Accompanying the photos are the devices of torture, as well as
depictions of their use: fingernail extraction, nipple amputation via
forcep, simulated drowning, electical shocks and waterboarding.
If those last three sound familiar, it's because they were part of the
Bush Regime's standard operating procedure, and in clear violation of
the Geneva Conventions. Yes, the US tortured, it resorted to the same
tactics as Pol Pot and other dictators and regimes it constantly rails
against, and it relied on the same ethnic, religious and geopolitical
profiling as the bastards in the dark corners of the world.

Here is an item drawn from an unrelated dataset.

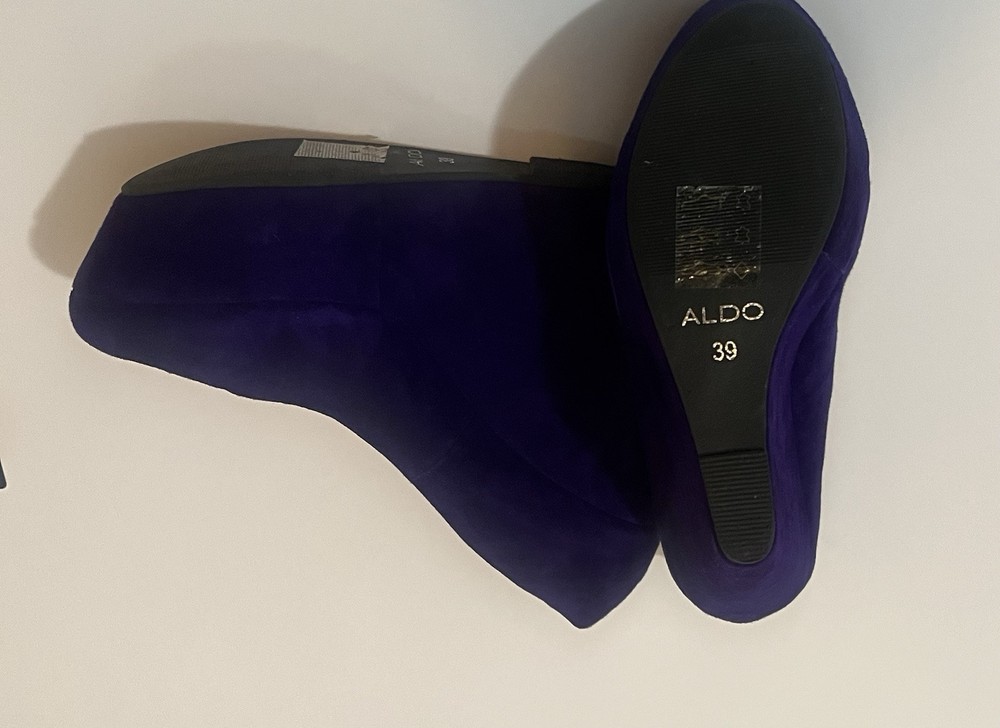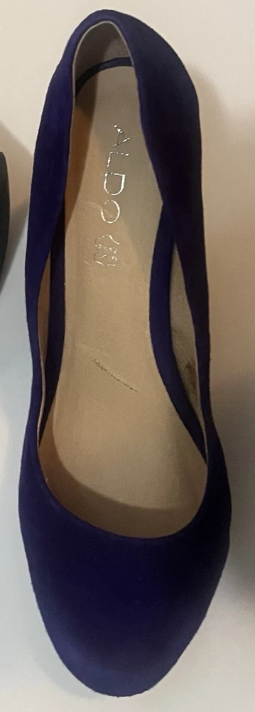 Heel Height: Ultra High (4 in & Higher) Upper Material: Faux Suede Pattern: Solid Style: Pump Heel Style: Wedge Department: Women Type: Heel Brand: Aldo Color: Purple Toe Shape: Closed Toe Closure: Pull On US Shoe Size: 8
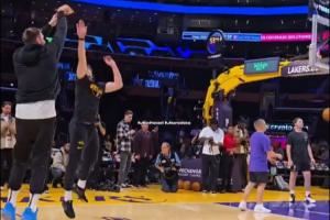 调皮😂!东契奇赛前热身:来防我呀!然后调高弧度三分空心命中

More to the point, if you identify yourself as a Republican, or a
neocon, or a member of the Christian Right, you are party to these
ongoing atrocities. S21 and the Killing Fields occurred more than 30
years ago; today, the same manufactured horror is only now being shut
down at Gitmo.
Do me a favor: if you associate with any of the above American
political affiliations, please let me know so I can disassociate
myself from you now (permanently) and piss on your grave later. If
you're not convinced, waterboarding or electric shock might convince
you to recant--they're not really torture according to your view. Then
again, those are probably the tactics to which you'd resort (and have
recently) and I want no part of it.
1 comment:
I couldn't agree with you more, and I'm proud you have the gumption to say what you feel.